Не половину куска, который принес в школу или с которым появился на улице, — меньшую его часть. Как бы сорок процентов, хоть о процентах мы тогда не имели понятия.
А ведь было ещё на улице и тут же торопливо сказанное получившему «сорокушку»: «Сорок от сорокухи!» «На пол-кусаки!»
И совсем уже жалкое: «Хуть крыхточку!»
Может, все это ещё продолжало звучать в душе — мой первый роман — «Здравствуй, Галочкин!» — был о детдомовце, о конфликтующем с комсомольскими «маяками» правдолюбце из «несоюзной молодежи», приехавшем на большую сибирскую стройку якобы «за длинным рублем».
А он за правдой туда ехал, тот мой первый герой.
Как большинство из нас.
С нами так вышло, что мы, привыкшие по-братски помогать своим сверстникам, по-отцовски — тем, кто моложе, поздно вспомнили о своем родительском долге и упустили потом собственных детей — ради названных.
Может быть, то же постепенно произошло с теми из наших старших, кто жил после войны ещё долго, о многом успел забыть, стал к себе слишком снисходителен и любвеобилен уже ко внукам — также, как и мы, минуя детей своих?..
Мальчики, мальчики!..
Теперь-то многих из вас уже нет.
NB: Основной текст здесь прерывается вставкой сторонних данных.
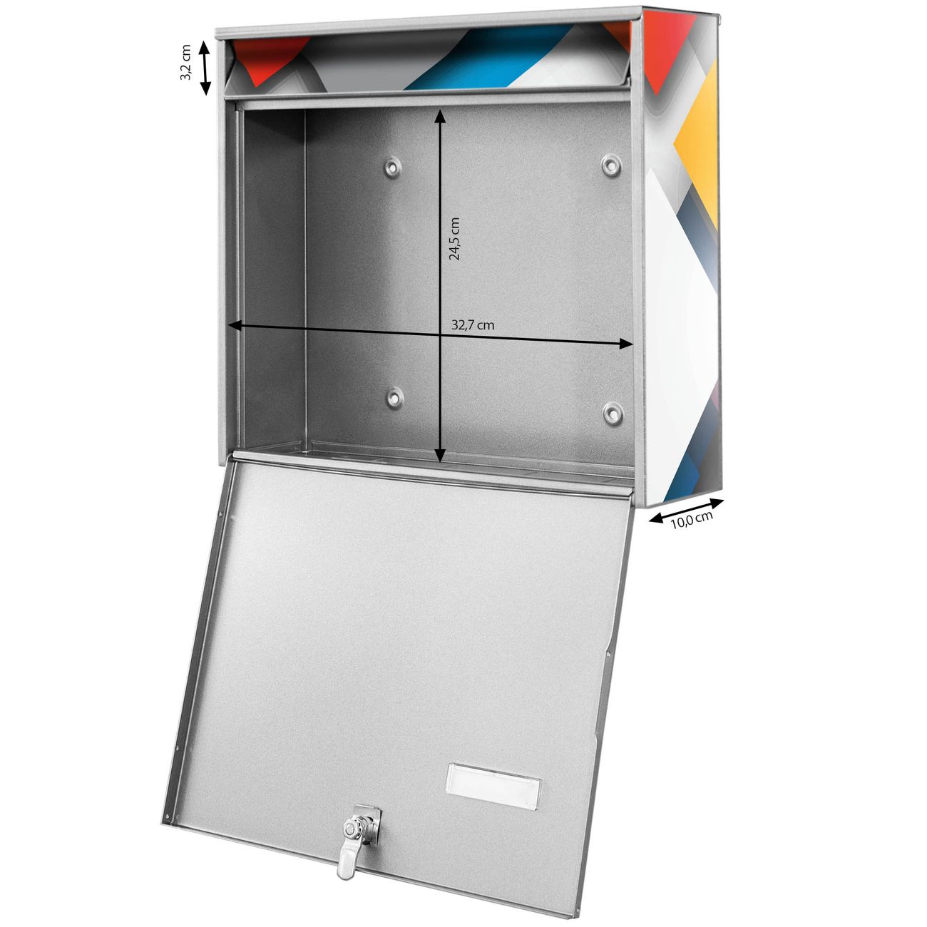 FUNKTION: Die Burg-Wächter Briefkastenanlage mit Motiv Schwebende Quadrate bietet Ihnen ausreichend Fassungsvermögen um auch A4 und C4 Sendungen zu empfangen. Das integrierte Namensschild lässt sich individuell beschriften. Wählen Sie aus den Grundfarben weiß, silber und schwarz. DESIGN: Die 2 Briefkästen haben ein ansprechendes und zeitloses Design, ohne dabei auf Funktionalität zu verzichten. Das Material ist sehr stabil, wetterfest und rostfrei. Durch das Motiv Schwebende Quadrate werden die Postkästen zu einem Blickfang. DETAILS: Die Postkästen bestehen aus verzinktem Stahl der zusätzlich mit Klarlack versiegelt wurde. Die Kästen sind gesamt 64,5cm hoch, 36,2cm breit und 10cm tief. Das Motiv besteht aus einer wetter- und UV-festen Folie, die Ihren Briefkasten zusätzlich vor Kratzern schützt. Die Postkästen werden mit Montagematerial, je einem Namensschild und je zwei Schlüsseln geliefert. NUTZEN: Das Briefkastenset eignet sich für die Wandmontage, die Größe bietet genügend Platz für Sendungen aller Art. Das zeitlose Design sowie die stabile Bauart bieten Ihnen einen treuen Begleiter für Ihre Post. BANJADO:
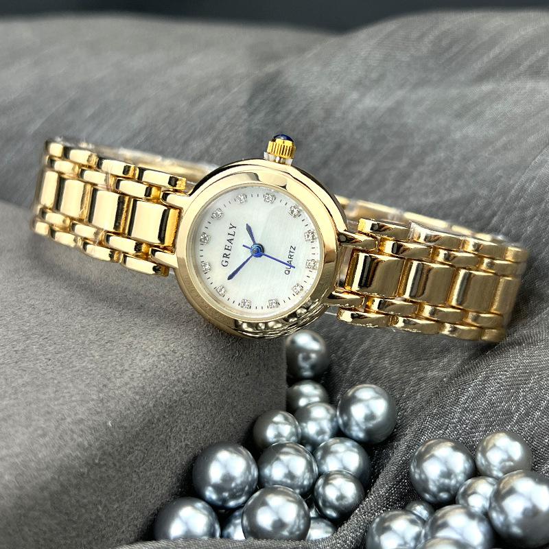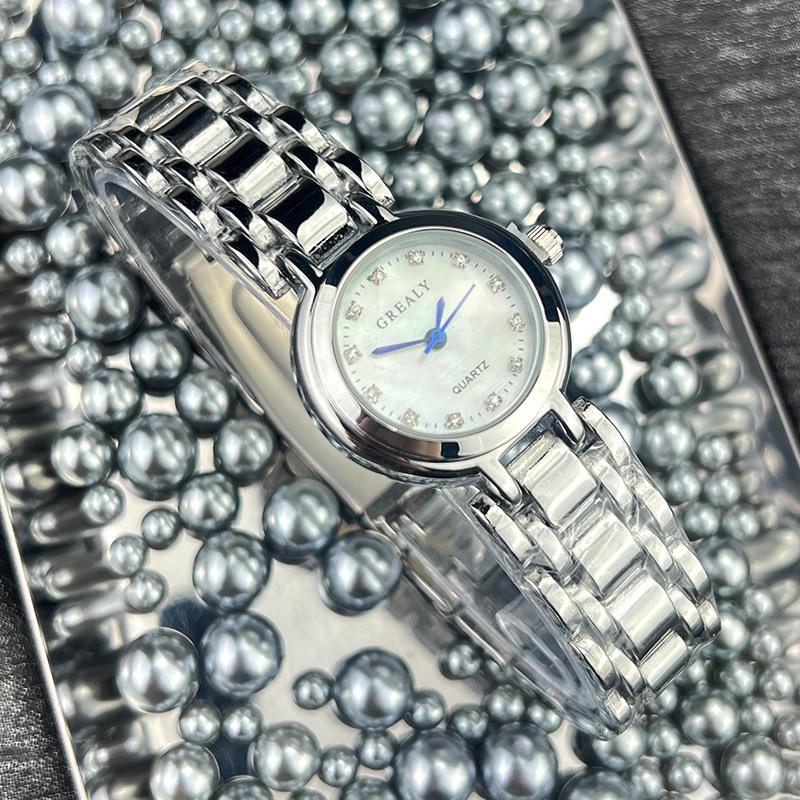 Reloj Clásico Nuevo de Esfera Pequeña con Banda de Acero Explosiones Libro Rojo Pequeño Cuarzo para Dama Corazón del Océano Nácar

На торжественных, круглым датам посвященных вечерах — без них пока не обходятся новые хозяева громадного металлургического комбината, который мы всем скопом отгрохали — путают ваши имена, перевирают фамилии, и звонкие голоса ведущих, пытающихся говорить ну, прямо-таки о преемственности трудовой славы, звучат настолько фальшиво, что настоящие-то доброделатели, рачители и радетели — а сколько, сколько их было! — мучительно ворочаются в гробах своих.
Мы росли под звуки пионерского горна, а молодость многих отгорела потом у доменного горна… Тогда мы мало задумывались, что есть другие слова: горний — духовный — мир. Есть горняя — небеса, куда отлетают души праведников.
Сколькие из вас, мальчики, хоть не носили на шее крестика, сердцем были чисты и жили высокими помыслами!.. И каково вам из благостной, со всем примиряющей горней видеть состарившихся подружек юности, которые в любимом нашем поселке, теперь полуразвалившемся, с несвежими полиэтиленовыми пакетами в руках обходят грязные свалки: в один — что можно доесть, в другой — что ещё можно доносить…
В силу общительного характера, природного любопытства и стародавней казачьей способности прирастать корнями к дальним краям я дольше многих других оставался у ярого огня, который беспощадно сжигает всех, кто вблизи, но чуть ли не родственным теплом согревает стоящих поодаль простодушных зевак… И временами мне становилось совестно перед теми, у кого нет этой возможности: из жестокого плена сегодняшних обстоятельств хоть ненадолго вернуться на волю нашего прошлого.
Пытался оправдывать себя тем, что это как бы непременное условие профессии: за всяким действом наблюдать от начала и до поры, пока хватит сил… Недаром о тебе ещё с давних пор: мол, летописец. Так неужели сопутствующие этому некоторые преимущества напрочь исключены?